(STORED DATA Opens)

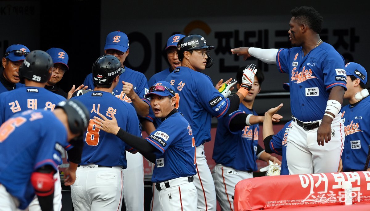 1일 경기도 수원 KT위즈파크에서 ‘2024 신한 SOL 뱅크 KBO리그’ KT 위즈와 한화 이글스의 경기가 열렸다. 1회초 2사 1, 2루에서 한화 채은성이 스리런 홈런을 쏘아 올린 후 동료의 환영을 받고 있다. 수원 | 김민성 기자 marineboy@donga.com
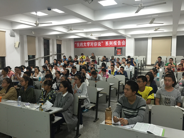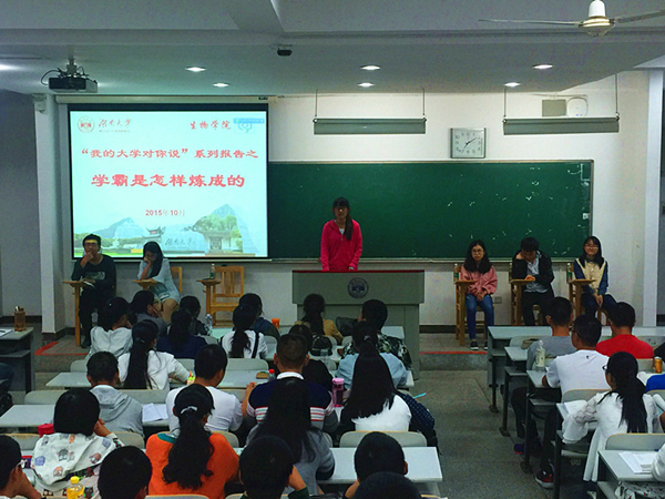 10月11日,必赢3003no1线路检测中心2015级新生入学教育活动系列活动之“我的大学对你说--学长的火炬”第一场报告会在综合楼成功举行,本次报告会以“学霸是怎样炼成的”为主题,邀请2012、2013、2014三个年级的六位优秀学长苏晓雅、蔡琳俐、李雪纯、余凯、王紫欣、李志雄和新生分享大学生活中的经验和教训、收获与感悟。报告会由年级长于欣瞳主持。
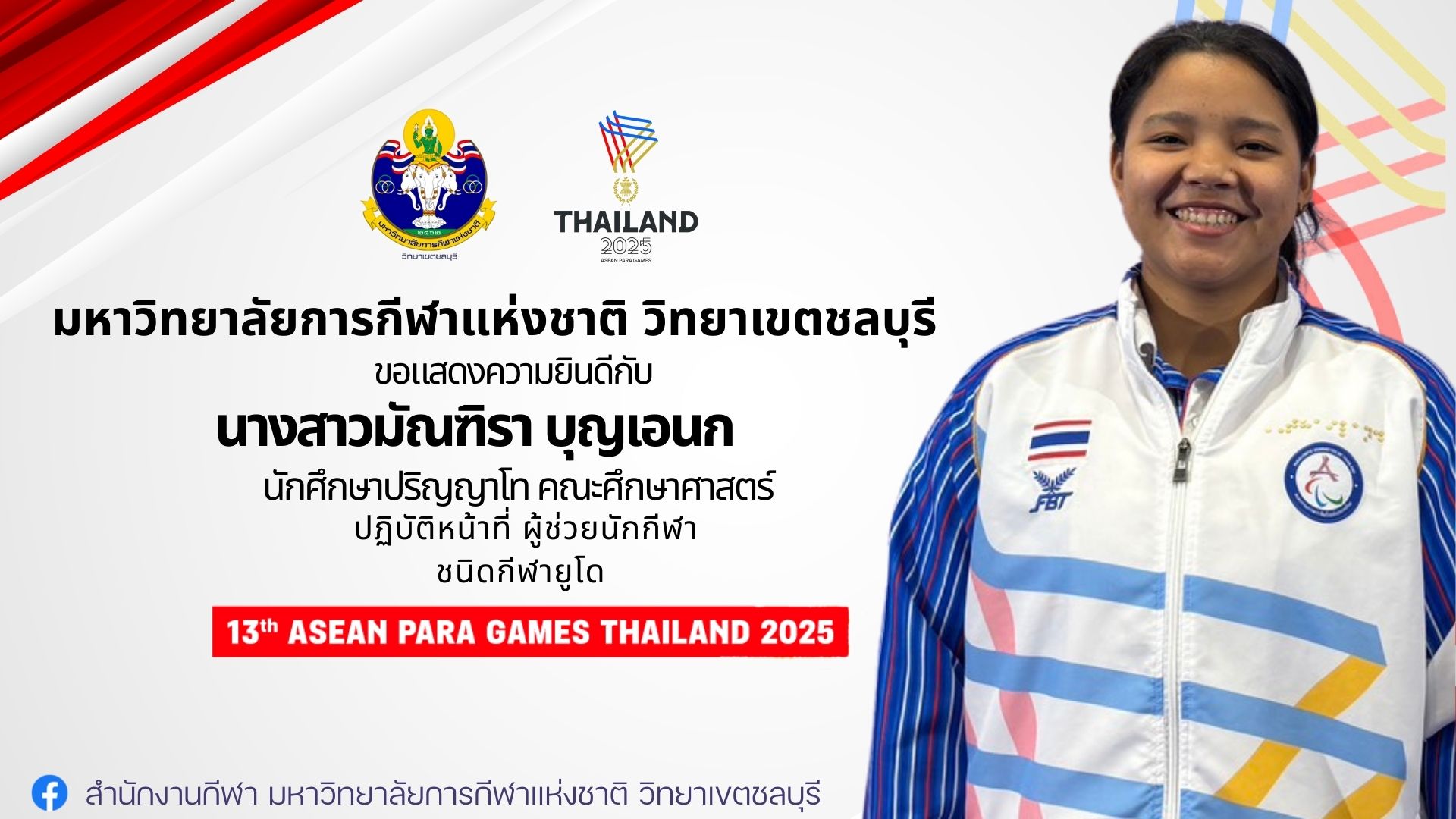 ![]() | นางสาวมัณฑิรา บุญเอนก นักศึกษาปริญญาโท คณะศึกษาศาสตร์ ปฏิบัติหน้าที่ ผู้ช่วยนักกีฬา ชนิดกีฬายูโด |

(STORED DATA Closes)

_ACTIVITY_
The answer should be an exact copy of the material, with its pictures removed.

_REPLY_
 1일 경기도 수원 KT위즈파크에서 ‘2024 신한 SOL 뱅크 KBO리그’ KT 위즈와 한화 이글스의 경기가 열렸다. 1회초 2사 1, 2루에서 한화 채은성이 스리런 홈런을 쏘아 올린 후 동료의 환영을 받고 있다. 수원 | 김민성 기자 marineboy@donga.com
 10月11日,必赢3003no1线路检测中心2015级新生入学教育活动系列活动之“我的大学对你说--学长的火炬”第一场报告会在综合楼成功举行,本次报告会以“学霸是怎样炼成的”为主题,邀请2012、2013、2014三个年级的六位优秀学长苏晓雅、蔡琳俐、李雪纯、余凯、王紫欣、李志雄和新生分享大学生活中的经验和教训、收获与感悟。报告会由年级长于欣瞳主持。
 ![]() | นางสาวมัณฑิรา บุญเอนก นักศึกษาปริญญาโท คณะศึกษาศาสตร์ ปฏิบัติหน้าที่ ผู้ช่วยนักกีฬา ชนิดกีฬายูโด |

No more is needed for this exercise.